Editor's Note: Jade Esteban Estrada is the writer of Glitter Political, a series of articles detailing San Antonio's elections.
After a few minutes with San Antonio’s poet laureate, Octavio Quintanilla, I already feel like I’m deep into a creative writing masterclass.
As I sip my outsize espresso at Halcyon at the Blue Star Arts Complex, he agrees that there can be an artistic danger in censuring oneself during the writing process.
Even before his rise, Quintanilla, 45, viewed his poetry as a means of “confronting the world” around him. And, as someone “in the business of ideas,” he feels that this confrontation of notions, ideas and traditions gives him the opportunity to show “empathy for the world” through his work – which is laden with honesty. Being that honest can require a little boldness and artistic abandon when considering the current social climate where the oversensitivity of political correctness can easily lead to woeful, public misunderstandings. “If I’m not gonna be honest when I’m writing, what’s the point of writing?” he says as he adjusts his seafarer-style glasses. “I’d be lying to myself.”
Though he feels his poems are “not necessarily autobiographical,” he does feel his words have an element of “emotional autobiography.” And, as a Mexican-American with a story to tell, he seems to have a lot from which to pull.
Quintanilla was born in Harlingen. He lived, however, in Mexico for the first nine years of his life. When he turned nine, he returned to the Rio Grande Valley.
“Unfortunately, my parents stayed behind,” he recalls. “It was just me and my little brother that came over here to study, so there was that aspect of separation [and] dislocation.” When he says this, he reminds me – just for a moment – of “Separation,” a painting by local artist David Blancas.
In fact, that’s one of the many topics that he covers in his new Frontextos project, a series of visual poetry selections on his Facebook wall. He says he knows he’s “taking a risk in terms of subject matter.” The poems cover topics about the body, sexual relationships, race and political situations. “I don’t really go into writing censuring myself,” he says as he shows me number 278 in which he visually explores the symbolism of trees. “My life is an autobiographical template for work.”
Because our interview is in English, I keep reminding myself that his work these days is in Spanish.
“People have asked me, ‘Why do you write in Spanish?’ I think it’s been a way for me to return to that which I lost. [I’m trying] to capture or relearn or practice the language that I grew up talking but that, to a great extent, I forgot.”
Quintanilla proudly embraces the Spanish spoken at the borderlands, which may seem very similar to the Spanglish and Tex-Mex dialects.
Quintanilla, who’s a professor at Our Lady of the Lake University, discusses his writing process unaffectedly, and, over the span of a couple of hours, he elaborates on his daily, meditative approach.

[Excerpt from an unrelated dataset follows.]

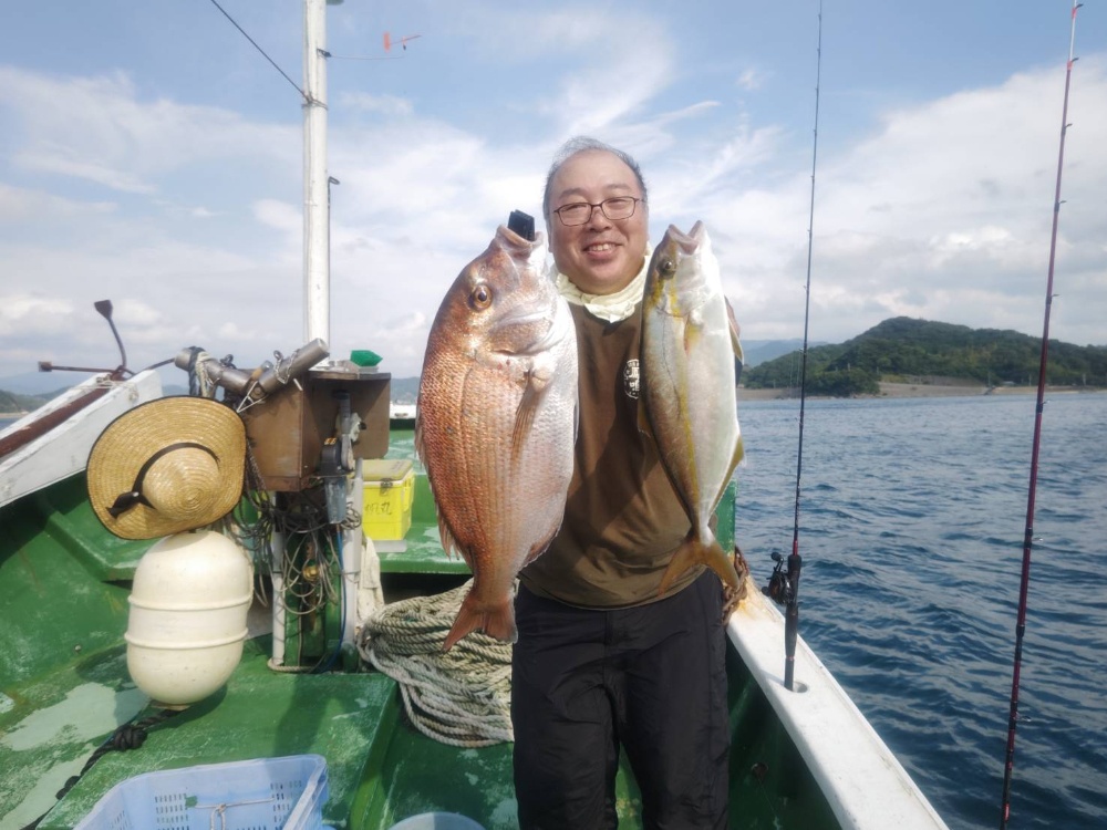 イサギ釣り中ベイト釣れるので1人の人落とし込み専門でしていてハタ、鯛、カンパチGETしました。
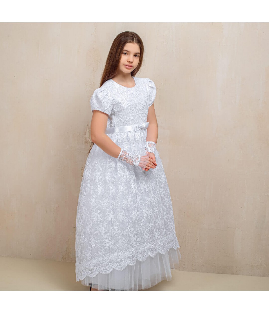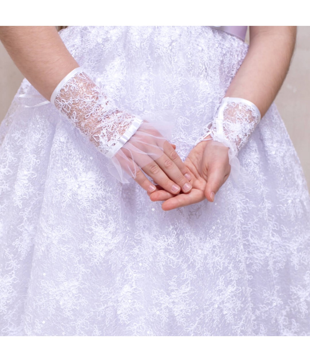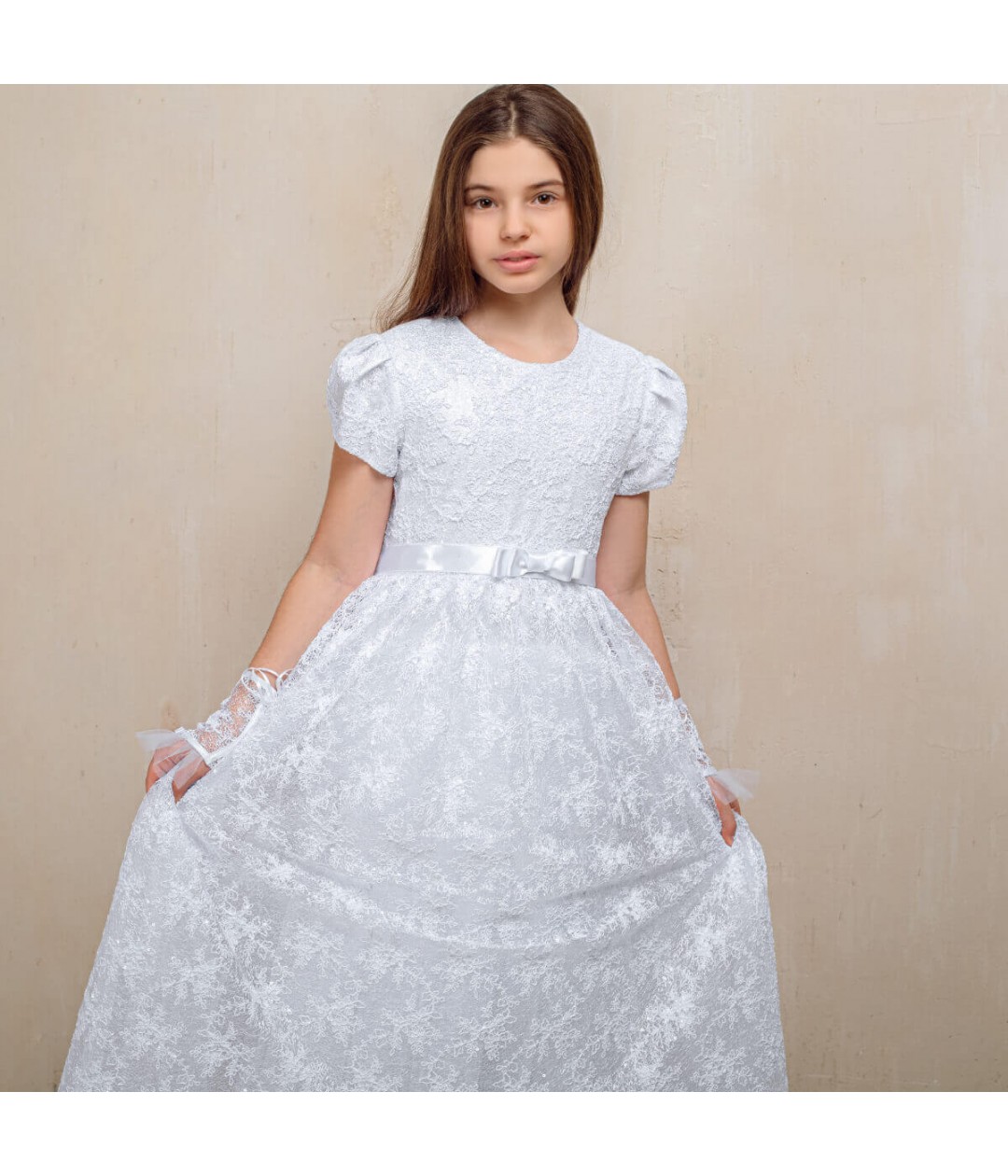 Available exclusively in a classic ivory shade, the dress offers a refined and timeless aesthetic perfect for sacred occasions. This listing includes the dress only, but it pairs effortlessly with any of our Communion veils or gloves to complete the ceremonial look.

“There are things I’m not ready to write about,” he says as Janet Jackson’s “What Have You Done for Me Lately” gently pulsates in the background. “I’m waiting for the right time to write about it.”
Is there a wrong time to write about something? I ask.
“Well, when you’re not clear about what it is you have to say,” he replies. “I’m not in the business of writing just to make a statement. I’ve always felt that what I do... I’m doing it with some type of... intentionality.”
He says that there are some experiences that he’s not ready to write about or reveal because he still “hasn’t found a way to heal” in regard to the subject.
Some writers would use writing as a way to heal. Do you think that’s wise? I ask.
“I think we can make the distinction between writing to heal and writing to publish,” he replies.
A week before, I met Quintanilla for the first time at the Letras en la Frontera Conference, a gathering of writers who write in Spanish. Writers from all over Latin America read their work to pockets of the local Spanish-language literary set. “We really don’t have many spaces for writers who writing in Spanish,” he says matter-of-factly. When I tell him I attended the conference as a personal, guilty pleasure, he says, “We’re kind of lucky. We can move between two worlds... English and Spanish. I’m a huge advocate for writing and speaking in Spanish.
“I mean, think about it. Right now, there’s this hate rhetoric against people who speak Spanish,” he says thoughtfully. “There’s a lot of fucking hate about that. I mean, you saw the poetry that I’ve been writing lately. It’s all in Spanish. It’s a way to resist. I think spaces like [the conference] are resisting that rhetoric of hate.”
How long does it take you to come up with a title? I ask.
“Aww… fuck, man,” he replies with exasperation. “It takes me a long time, dude.”